The advent of the Omicron variant last November has alarmed experts as its genome shows many mutations – more than 30 – in the region that encodes the virus’s protein. This region of the virus is used in vaccines against COVID-19, which means that the effectiveness of antibodies that have been developed after vaccination or even after infection with previous variants of the virus may be reduced.
Researchers in the field of immunology have studied previous variants of the virus and found that, although emerging variants of the coronavirus were relatively resistant to antibodies, another arm of the immune system – mediated by specialized cells called T cells – could be called T cells. the new variants. but the Omicron had mutated more than any other variant they had studied before.
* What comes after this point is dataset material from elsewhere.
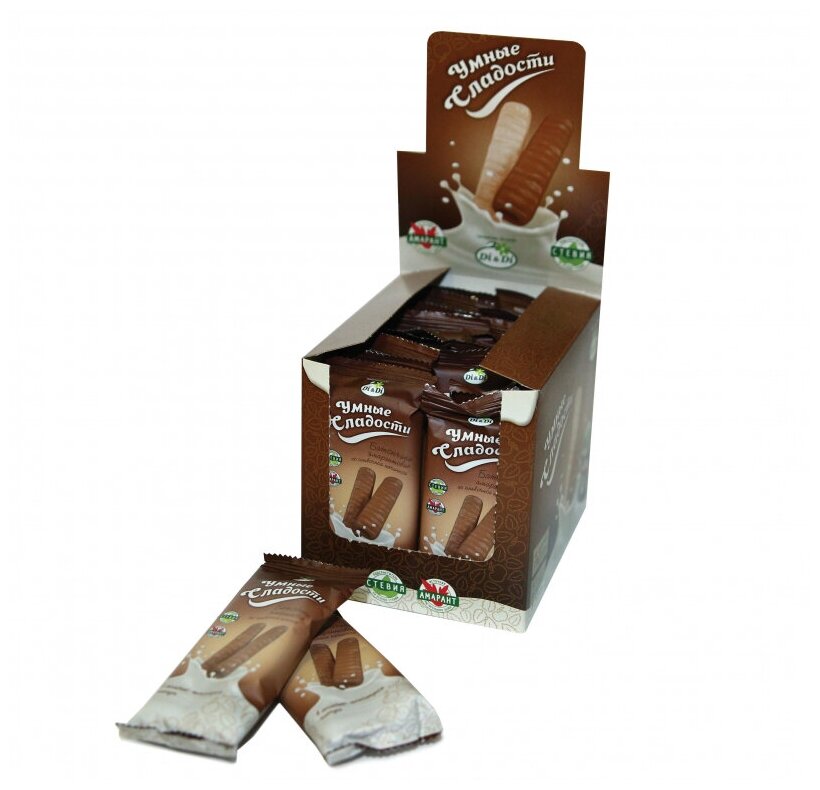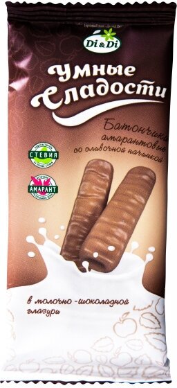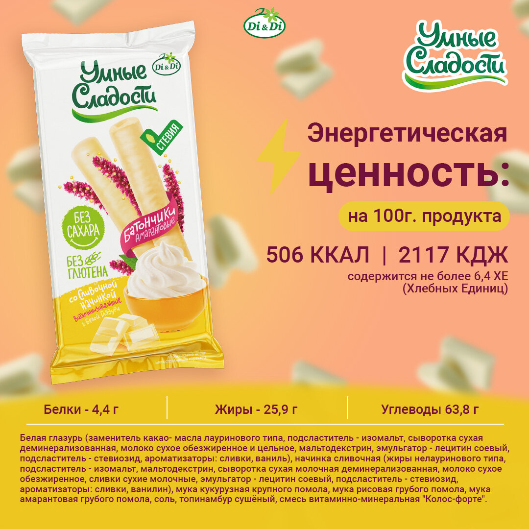 | Состав | глазурь молочно-шоколадная(заменитель какао-масла лауринового типа подсластитель изомальт, сыворотка сухая молочная, мальтодекстрин, какао-порошок, молоко сухое обезжиренное, молоко сухое цельное, эмульгатор лецитин соевый, подсластитель стевиозид(стевиолгликозиды, ароматизатор шоколад молочный) начинка сливочная(жиры нелауринового типа(не содержат гидрогенизированных компонентов), подсластитель изомальт, мальтодекстрин, сыворотка сухая молочная деминирализованная, молоко сухое обезжиренное, сливки сухие молочные, эмульгатор лецитин соевый, подсластитель стевиозид(стевиолгликозиды), ароматизатор сливки, ванилин), мука рисовая грубого помола, мука кукурузная тонкого помола, мука амарантовая грубого помола, вода питьевая, топинамбур сушеный, соль, смесь витаминно-минеральная ""Колос-форте""(тиамина мононитрат, рибофлавин, пиридоксина гидрохлорид, никотинамид, фолиевая кислота, железо сернокислое, антиокислитель - аскорбиновая кислота, мальтодекстрин) |

Thus it is crucial to understand how these mutations could affect immunity after vaccination as well as previous infection.
The Professors of the Medical School of the National and Kapodistrian University of Athens, Efstathios Kastritis and Thanos Dimopoulos (Rector of EKPA) summarize data coming from a few but specialized and experienced laboratories around the world and converge to about the same conclusion: the new variants, including Omicron, remain sensitive to T-cell responses.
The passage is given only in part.